Watching the two of them interact during this month has been a dream. I can tell as they get older things will get more complicated between the two of them, they'll start fighting over toys, and who gets to be held by mom, and pushing each others buttons, but for right now they are perfectly content with one another and i am cherishing it while it lasts.

Here are some of my favorite pictures of the two of them from these beautiful past 6 weeks.








Wednesday, May 20

Everli Mae: A Labor Story

Everli Mae Jones was born Friday May 8th at 6:30 in the evening. She weighed 6 pounds 4 ounces, and was 18.5 inches long.

Here's how the day went:
at 9:30 that morning i went to my dr's appointment, he wanted me to come in to check and see if i was still having issues with high blood pressure because the last time i went to the hospital my readings were too high... and because of another consecutive reading of high blood pressure in his office, he decided to induce me. after dropping Bayli off with family, we headed to the hospital.

at 10:30 i got admitted to the hospital, walking past the triage rooms we had visited way too many times and straight to our delivery room was such an amazing feeling.

at 11:30 we started pitosin to get my contractions going stronger. i was only at 1.5 cm dilated and 80% effaced when we started. (the same dilation and effacement i've been for the past three weeks)

at 12:45 the dr came in and broke my water. when he did this, i was 2 cm dilated. as i laid in bed I could for sure could feel the contractions, but i had been experiencing the same kind of pains for the past few weeks, so i was doubtful they would be doing anything with helping me dilate.
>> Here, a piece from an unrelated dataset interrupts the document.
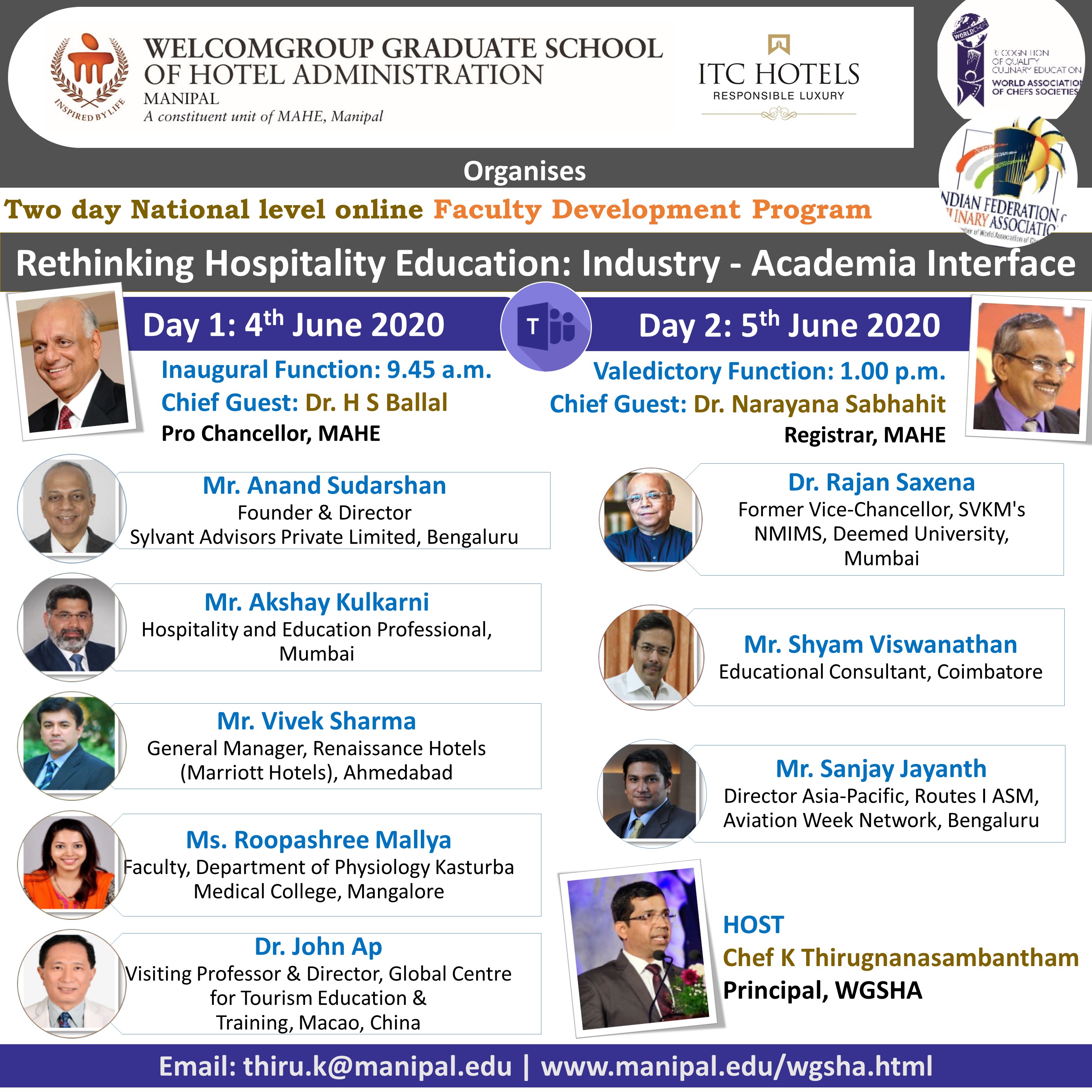 Welcomgroup Graduate School of Hotel Administration (WGSHA), Manipal Academy of Higher Education (MAHE), Manipal organized a two day national level online Faculty Development Program (FDP) on ‘Rethinking Hospitality Education: Industry-Academia Interface’ on 4th & 5th June, 2020 through Microsoft Teams with a series of webinars on eight contemporary sessions by senior professionals & experts. There were more than 100 faculty members of hospitality & tourism fraternity from across India to partake in this event, which was organized to equip hospitality educators on contemporary teaching & research proficiency that facilitates to bridge the gap between academia and industry.

My family came to visit and distract me, bayli was even there for a bit before she went to my parents house to nap, once my family left, I went for a walk around the hospital to try and get things moving. i did this for about an hour or more and then went back to bed to try and breathe through the contractions as they continued to get more intense. i distracted myself by watching videos on youtube of men trying to endure through simulated labor pains.

by now it was 4:00 and i was only at 3cm dilated. figuring i was in for the loooong haul since my labor was progressing slower than id hoped after having my water broken, and enduring the pain for as long as i could, and even trying to help them along by walking, i asked to get the epidural.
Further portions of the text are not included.